Ebu Hanîfe (r.h.), mürted, müslüman olduğu zaman, gerek irtidâd döneminde, gerekse ondan önceki müslümanlık döneminde yapmamış olduğu ibadetleri kaza etmesi gerekmediğine, bu ayeti delil getirmiştir.
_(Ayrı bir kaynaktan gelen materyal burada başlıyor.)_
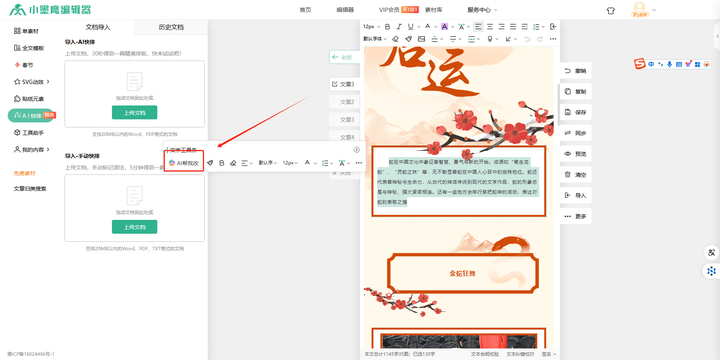 比如,小墨鹰编辑器的AI快排功能,一键就能让你的文章焕然一新,再也不用为排版问题头疼,从而把更多精力放在内容创作上。
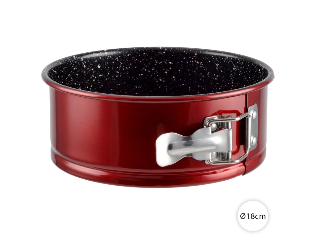 Tortová forma rozkladacia 18 cm – Metal Red – Perfect Home 19119 s nepriľnavým povrchom pre ľahké vyklopenie torty. Vyrobená z odolnej uhlíkovej ocele, vhodná do všetkých typov rúr a umývačky. Praktický odnímateľný okraj slúži aj ako servírovací podnos. Ideálna na sladké aj slané pokrmy.

Ayetin, bu manaya delil oluşu açıktır.

Altıncı Mesele

Hazret-i Peygamber (sallallahü aleyhi ve sellem) "İslam, kendinden önce yapılmış olan şeyleri siler" Müsned, 4/199 buyurmuştur. Binâenaleyh bir kâfir, müslüman olduğu zaman onun, gerek bedenî gerekse malî ibadetlerden (geçmişte yapmamış olduğu) herhangi bir şeyi kaza etmesi gerekmez. Onun gerek nefsî, gerekse mali yönden işlemiş olduğu suç ve günahları bağışlanmıştır. O, müslüman olduğu saatten itibaren, anasının doğurduğu günündeki gibi günahsız ve tertemiz sayılır. Yahya b. Mu'az er-Râzi bu ayetle ilgili olarak "Bir saatlik tevhid inancı, yetmiş senelik küfrü yıkar. Ya yetmiş senelik tevhid, nasıl bir saatlik günahı yıkamaz" demiştir.